Antes de salir, revisa aplicaciones oficiales y paneles locales sobre viento, radiación y estado del mar. Aunque no camines por arena, el oleaje puede salpicar y enfriar el ambiente. Adapta horarios para evitar el sol duro del mediodía, protege dispositivos en fundas sencillas y marca lugares seguros para detenerse ante ráfagas fuertes. La paciencia meteorológica suele regalar cielos limpios y fotos inolvidables.
Un cortaviento plegable, agua, protector solar, pañuelos multifunción y una manta compacta transforman un descanso en mini picnic junto al faro. Calzado con suela adherente y cerrada evita resbalones en pasarelas húmedas. Para peques, lleva capas fáciles de poner y quitar. Añade bolsas reutilizables para basura, y una linterna frontal ligera si planeas despedir el día con la primera estrella aparececiendo sobre el horizonte marino.

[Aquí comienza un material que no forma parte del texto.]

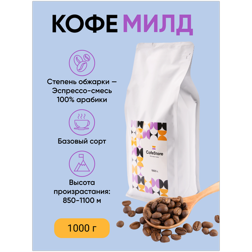 Кофе в зернах Милд классическое сочетание арабик из Бразилии и Уганды эспрессо-смесь 1000 гр
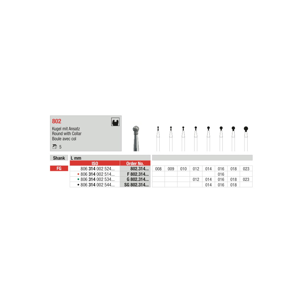 Edenta diamantový brousek 802 kulička s límcem FG
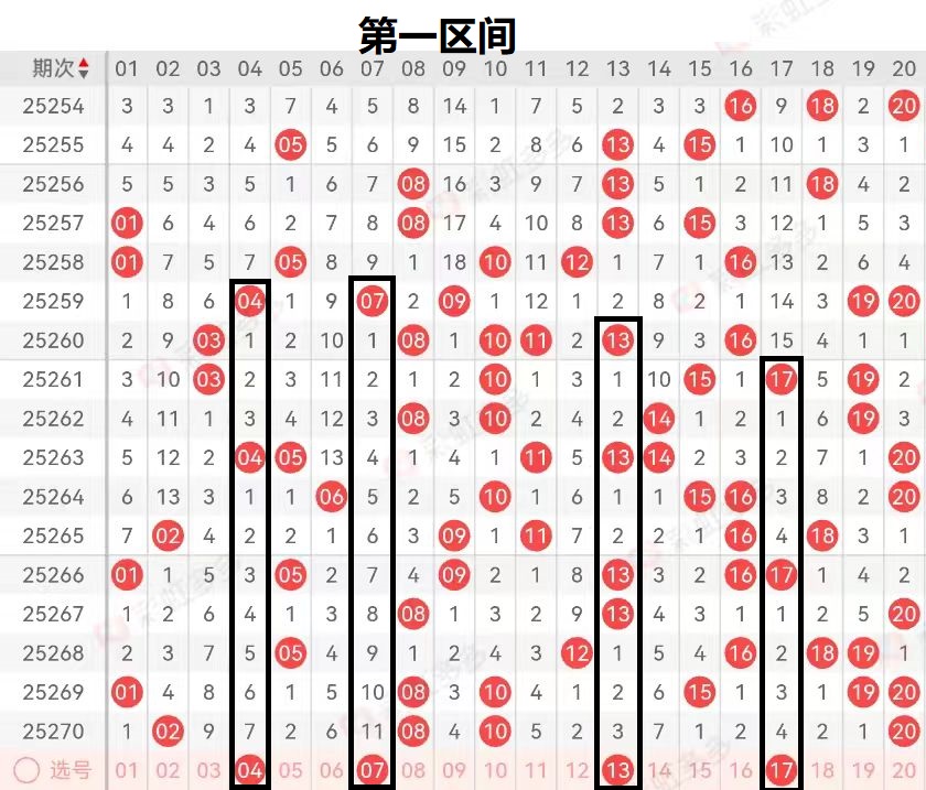 上期第一区间开出(02 08 10 20)四个号码球。上期一区间四个号码球在一区间落位,区间走出温态四码出号区间走出对应趋势,一区间前端开出独码02-08对应号码球落位。后端凤尾独码20号码球开出那么通过分析研判从区间的落位趋势去看一区间整体区间落位号码分布在区间的前后两端。那么本期我们在一区间进行研判时一定要考虑后端号码的回补落位,通过区间的走势特点去研判本期的走势,中后端号码球爆冷开出。我们要注意区间冷态号码球的回补开出,那么本期我们要注意区间的走势端号码趋势转换的可能,因此我们要谨慎操作防止区间走出回补态更为合理。
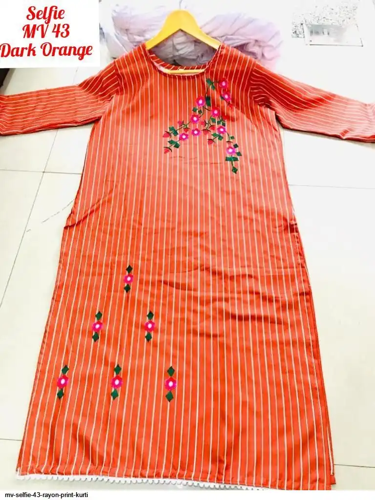 MV Selfie-43 Rayon Print Kurti with 14 kg Rayon Pent With Lace
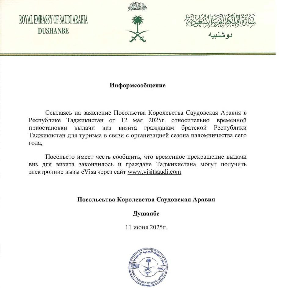 С 12 июня года Саудовская Аравия возобновляет выдачу электронных туристических виз (eVisa) для граждан Таджикистана. Об этом «Азия-Плюс» сообщили в посольстве Саудовской Аравии.
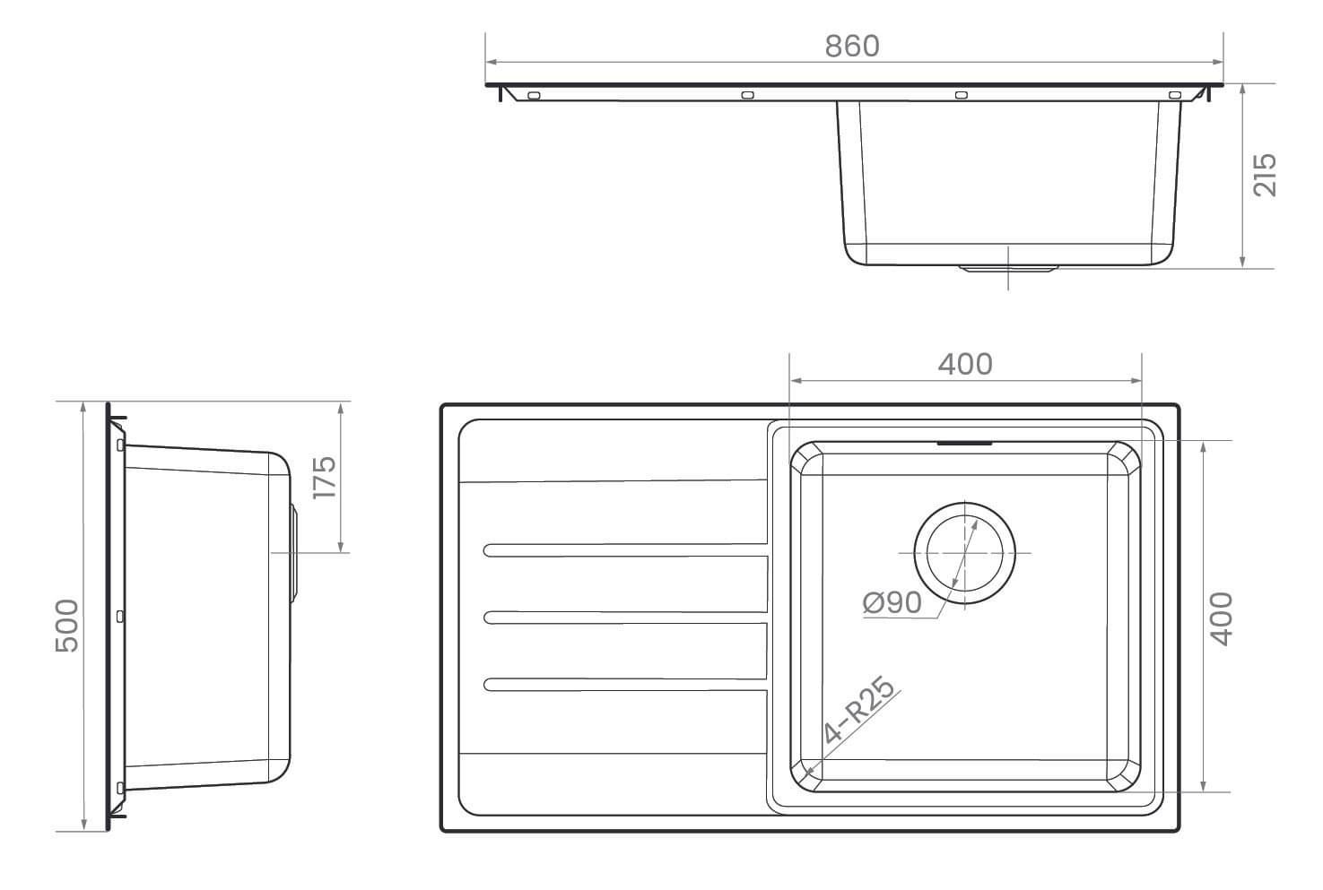 Single Bowl and RH Drainer 860 x 500 with 400 x 400 / 215 deep
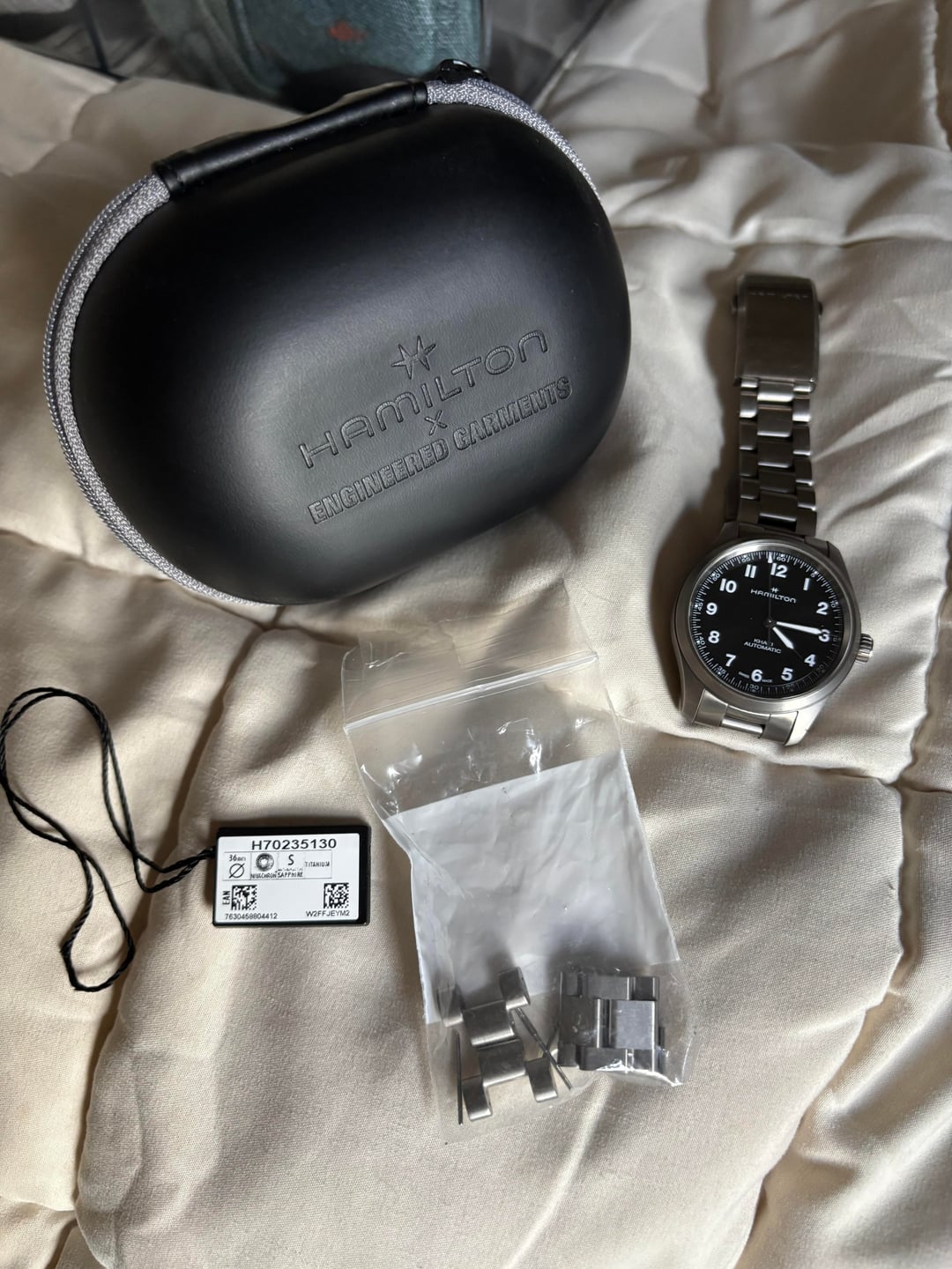**Up for sale is my limited edition Hamilton Engineered Garments 36mm titanium field watch. I bought it when they were released. It’s a great piece but I am consolidating the collection and this one is up for grabs. No more available on the site but you can read about it at the link below.** [**Hamilton Engineered Garments LE**](https://www.hamiltonwatch.com/en-us/engineered-garments?srsltid=AfmBOor92zw8Ii6VM9LC1ZPD_autzoDVM7QkhNV40JJCxGL4FqieFNVx) **Asking $1250. Free shipping CONUS.**

Diseña alternativas cortas conectadas al mismo paseo, por si alguien se cansa antes o el viento arrecia. Ubica cafeterías, paradas de bus o taxis y áreas cubiertas cercanas. Un mapa offline puede salvar la ruta si falla la cobertura. A veces, reducir el objetivo y disfrutar de un mirador cercano ofrece más unión familiar que forzar la llegada exacta al pie del faro, especialmente con niñas y niños curiosos.